Apply Through Our Website:Don't forget to submit your application through our website! This helps us keep everything organised and ensures your application gets the attention it deserves. Plus, it shows you're keen on joining our team at Pythia Sports!
How to prepare for a job interview at Pythia Sports
✨Know Your Data Inside Out
Before the interview, dive deep into the types of datasets Pythia Sports works with. Familiarise yourself with predictive sports modelling and think about how your experience aligns with their needs. Being able to discuss specific data challenges you've faced will show that you're ready to tackle the complexities of the role.

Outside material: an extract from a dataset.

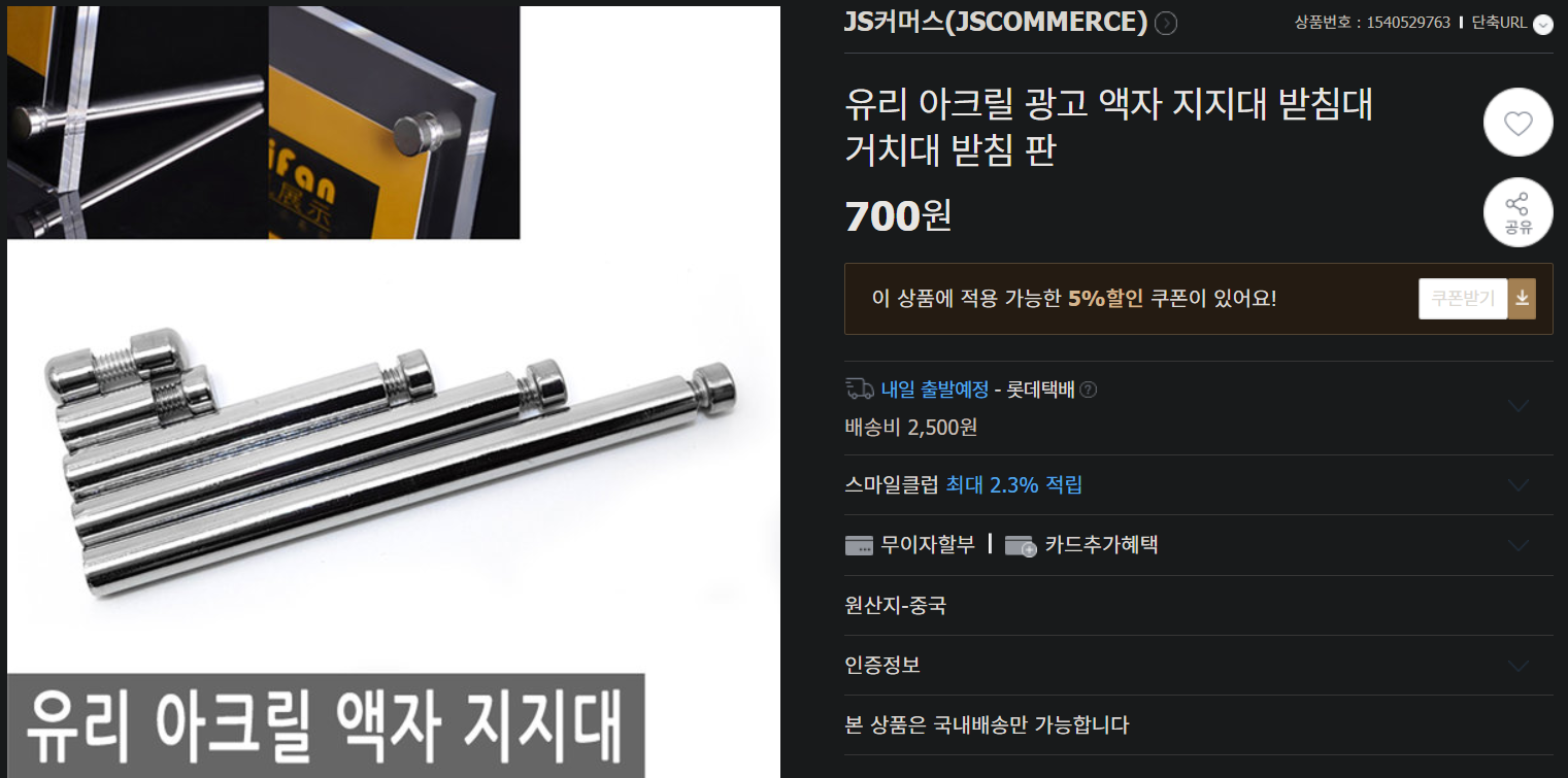 지지대만 따로 파는 페이지를 도저히 못찾겠습니다 ㅠㅠ
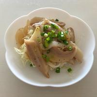 脂っこい気がしたので、お肉の下に千切りキャベツを敷きました

✨Show Off Your Python Skills
Since strong Python experience is crucial for this position, be prepared to discuss your past projects involving data workflows. Bring examples of how you've built or maintained data pipelines, and if possible, share any code snippets or tools you've developed. This will demonstrate your hands-on expertise and problem-solving abilities.
✨Ask Insightful Questions
Interviews are a two-way street! Prepare thoughtful questions about Pythia's data processes, team dynamics, and future projects. This not only shows your genuine interest in the company but also helps you gauge if it's the right fit for you. Think about what you want to learn from the role and how you can contribute.
✨Emphasise Team Collaboration
Pythia values teamwork, so highlight your experiences working closely with quant modellers and engineers. Share examples of how you've collaborated to improve data quality or resolve issues. This will illustrate your ability to thrive in a dynamic environment and your commitment to building strong working relationships.